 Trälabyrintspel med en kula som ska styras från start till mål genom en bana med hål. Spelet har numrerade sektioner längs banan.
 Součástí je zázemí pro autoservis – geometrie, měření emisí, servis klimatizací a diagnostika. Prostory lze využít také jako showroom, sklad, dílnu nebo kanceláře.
::::::::
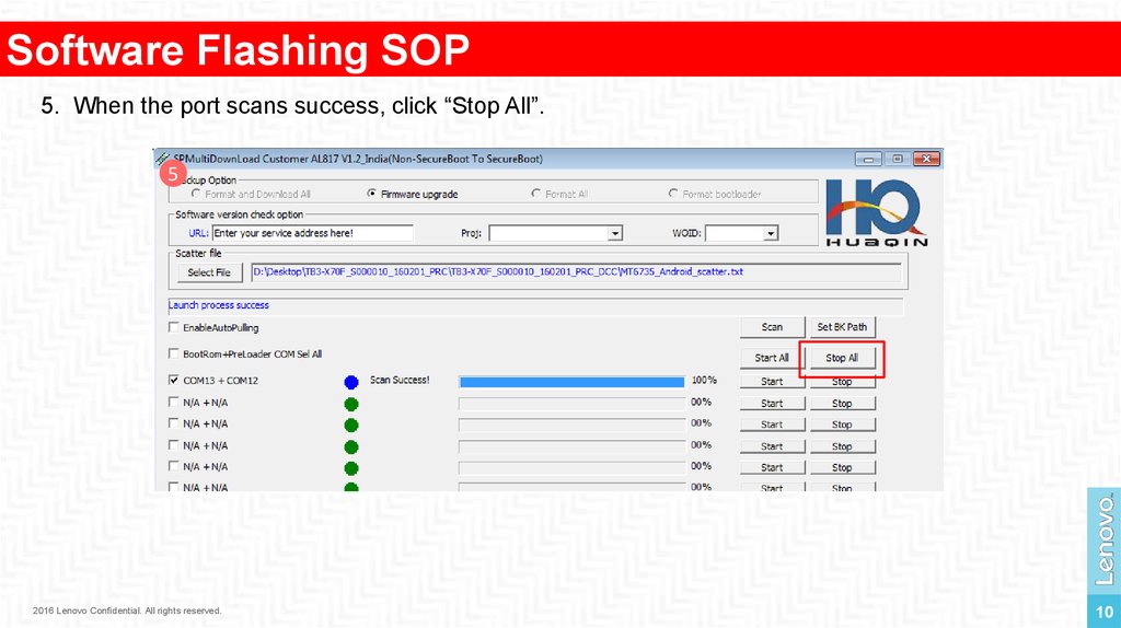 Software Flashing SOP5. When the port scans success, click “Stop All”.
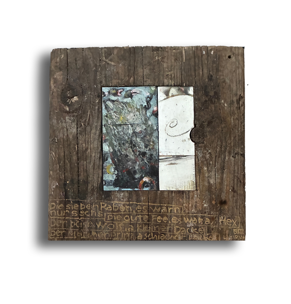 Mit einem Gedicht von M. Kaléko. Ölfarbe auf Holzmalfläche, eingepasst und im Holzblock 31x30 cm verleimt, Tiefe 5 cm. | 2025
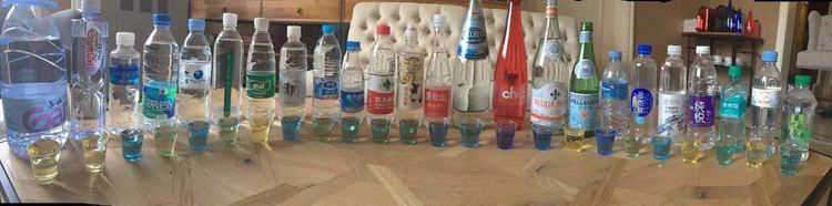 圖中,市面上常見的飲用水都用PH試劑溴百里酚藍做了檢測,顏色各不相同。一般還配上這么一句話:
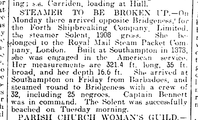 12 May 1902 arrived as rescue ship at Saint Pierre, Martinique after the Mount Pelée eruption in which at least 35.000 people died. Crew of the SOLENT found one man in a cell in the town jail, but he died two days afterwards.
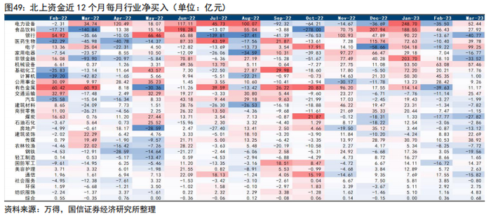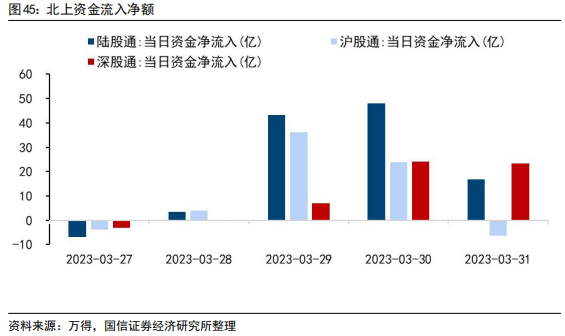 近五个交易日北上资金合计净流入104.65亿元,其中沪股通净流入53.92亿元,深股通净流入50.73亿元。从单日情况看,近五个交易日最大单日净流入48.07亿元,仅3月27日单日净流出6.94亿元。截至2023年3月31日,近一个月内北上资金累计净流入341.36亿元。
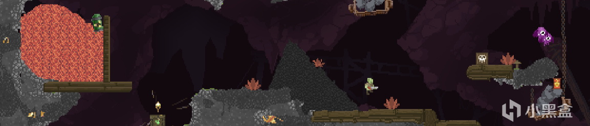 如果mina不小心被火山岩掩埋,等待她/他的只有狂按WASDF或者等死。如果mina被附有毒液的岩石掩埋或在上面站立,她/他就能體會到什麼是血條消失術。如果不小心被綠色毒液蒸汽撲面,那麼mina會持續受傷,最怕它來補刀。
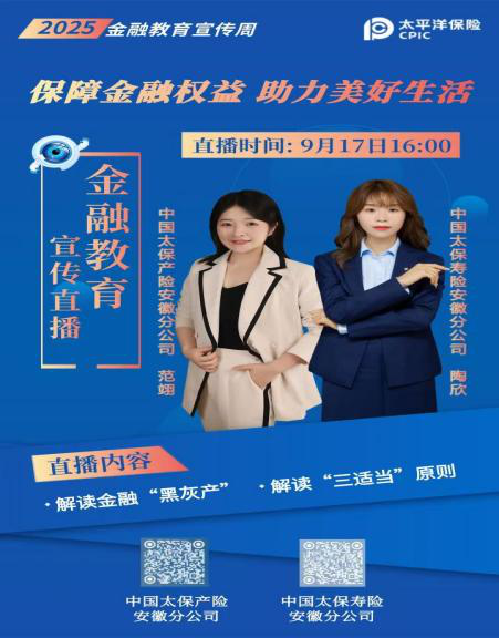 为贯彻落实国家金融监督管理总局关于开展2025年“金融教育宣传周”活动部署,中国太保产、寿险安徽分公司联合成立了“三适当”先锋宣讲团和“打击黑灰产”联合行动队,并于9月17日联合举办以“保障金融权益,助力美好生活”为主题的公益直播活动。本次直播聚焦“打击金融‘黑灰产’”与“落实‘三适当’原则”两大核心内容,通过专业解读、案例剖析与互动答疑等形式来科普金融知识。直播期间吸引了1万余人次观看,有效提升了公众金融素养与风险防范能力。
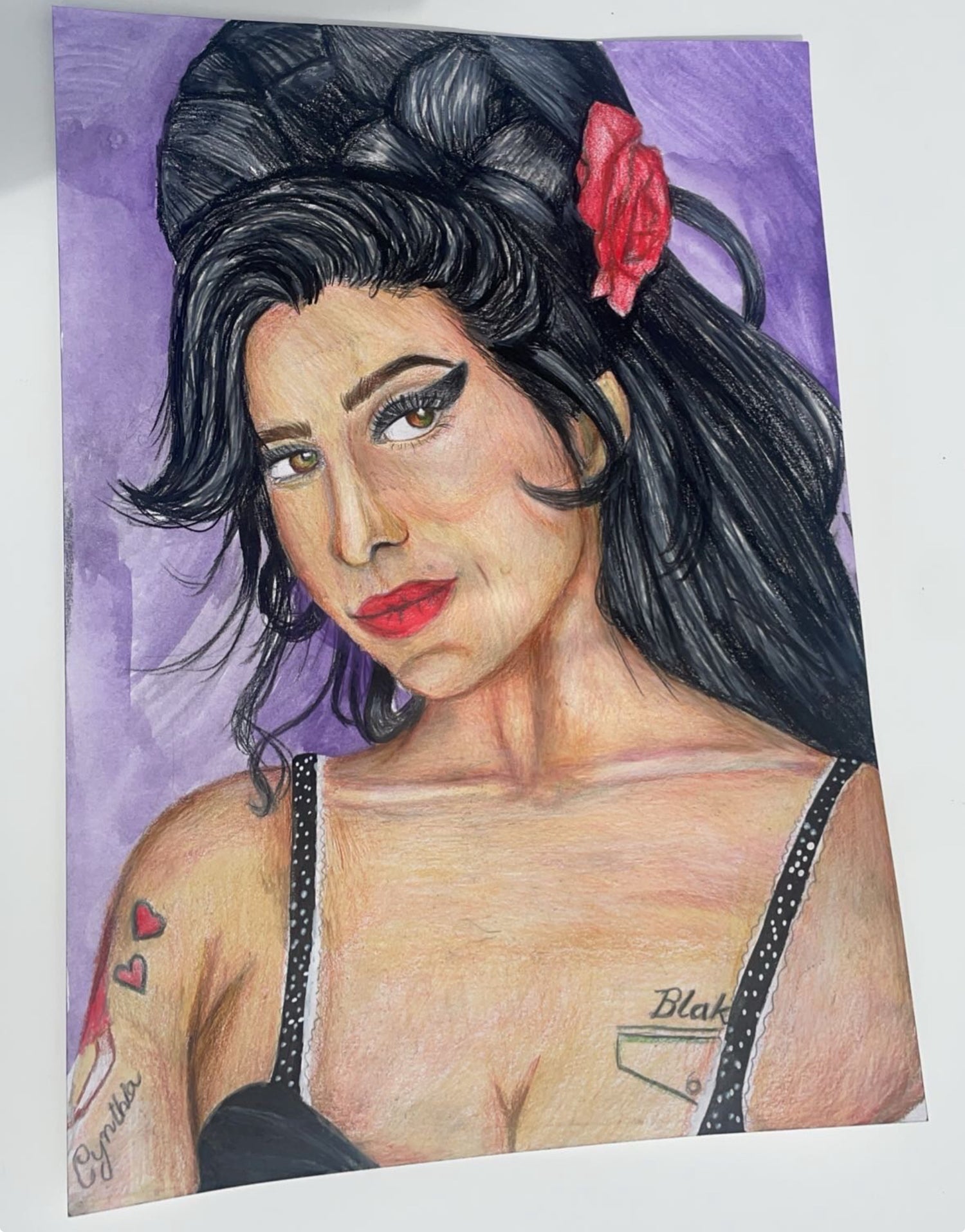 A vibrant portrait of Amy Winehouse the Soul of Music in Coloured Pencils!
::::::::
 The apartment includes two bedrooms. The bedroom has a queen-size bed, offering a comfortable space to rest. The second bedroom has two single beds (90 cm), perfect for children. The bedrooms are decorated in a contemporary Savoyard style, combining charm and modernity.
::::::::
* _ACTIVITY_
From the material above, output only the span of lines that starts at the one containing "圖中,市面上常見的飲用水都用" and finishes at the one containing "为贯彻落实国家金融监督管理总", word for word and free of pictures.

* _RESULT FOR THIS TASK_
 圖中,市面上常見的飲用水都用PH試劑溴百里酚藍做了檢測,顏色各不相同。一般還配上這么一句話:
 12 May 1902 arrived as rescue ship at Saint Pierre, Martinique after the Mount Pelée eruption in which at least 35.000 people died. Crew of the SOLENT found one man in a cell in the town jail, but he died two days afterwards.
 近五个交易日北上资金合计净流入104.65亿元,其中沪股通净流入53.92亿元,深股通净流入50.73亿元。从单日情况看,近五个交易日最大单日净流入48.07亿元,仅3月27日单日净流出6.94亿元。截至2023年3月31日,近一个月内北上资金累计净流入341.36亿元。
 如果mina不小心被火山岩掩埋,等待她/他的只有狂按WASDF或者等死。如果mina被附有毒液的岩石掩埋或在上面站立,她/他就能體會到什麼是血條消失術。如果不小心被綠色毒液蒸汽撲面,那麼mina會持續受傷,最怕它來補刀。
 为贯彻落实国家金融监督管理总局关于开展2025年“金融教育宣传周”活动部署,中国太保产、寿险安徽分公司联合成立了“三适当”先锋宣讲团和“打击黑灰产”联合行动队,并于9月17日联合举办以“保障金融权益,助力美好生活”为主题的公益直播活动。本次直播聚焦“打击金融‘黑灰产’”与“落实‘三适当’原则”两大核心内容,通过专业解读、案例剖析与互动答疑等形式来科普金融知识。直播期间吸引了1万余人次观看,有效提升了公众金融素养与风险防范能力。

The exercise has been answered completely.